Since launching in mid-July, Doggyspace has logged more than 700 registered, active user profiles -- 73% of them created by females, said Levi Thornton, founder of the site and president of Web development firm Mad Frog Productions in Fredericksburg, Va.

He projects that Doggyspace will have more than 2 million accounts by the end of the year.

"There's a lot of people out there with their dogs and we're busy and we're all working in the office all day long and this is a way for us to bring our pets with us," said Thornton, who has a Yorkie named Nokie and a pit bull named Ein.

Standard accounts for the site are free, but later this year Doggyspace plans to offer premium accounts for a small fee that will give users extra features.

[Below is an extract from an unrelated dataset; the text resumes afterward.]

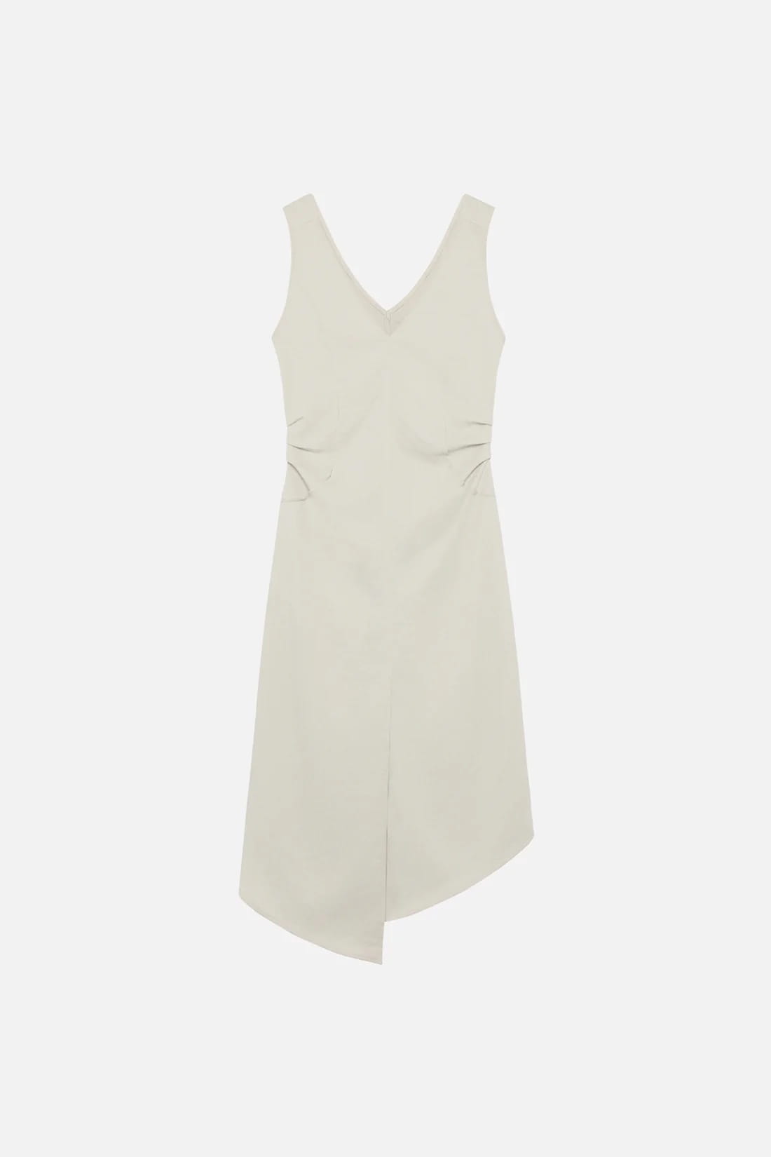 THE STYLE FEATURES A FITTED WAIST WITH PLEAT DETAILING, A MIDI-TO-MAXI LENGTH, AND AN ASYMMETRICAL HEMLINE WITH A HIGH FRONT SLIT FOR ADDED MOVEMENT.

Thornton, 30, said the site is a place for pet owners to share stories or learn about a specific breed. It can also help people form friendships based on a love of dogs, or connect people interested in finding a play date for their dog.

Connie Mandrozos found the site while searching for information for her 12-year-old golden retriever, Boomer, who has cancer. She received an outpouring of support from other dog owners with similar experiences and some told her they "have their paws crossed" for Boomer.

Mandrozos, 36, ended up spending more time on the site, creating profiles for Boomer as well as his "sisters" -- a pit bull mix named Darla and another mixed breed named Violet.

"It's been a goofy thing to do at the end of the day when you get home from work and you just want to talk to somebody in your dog's voice and say, 'Hey, how was your day? Woof,' " said Mandrozos, who lives in Bridgeport, Conn., and sometimes uses her dogs in her job as a behaviorist.

Most of the Doggyspace profiles include messages from other doggy "friends."

One profile is for a chocolate Labrador retriever named Guinness, who said her mom "couldn't resist naming me after her favorite beverage."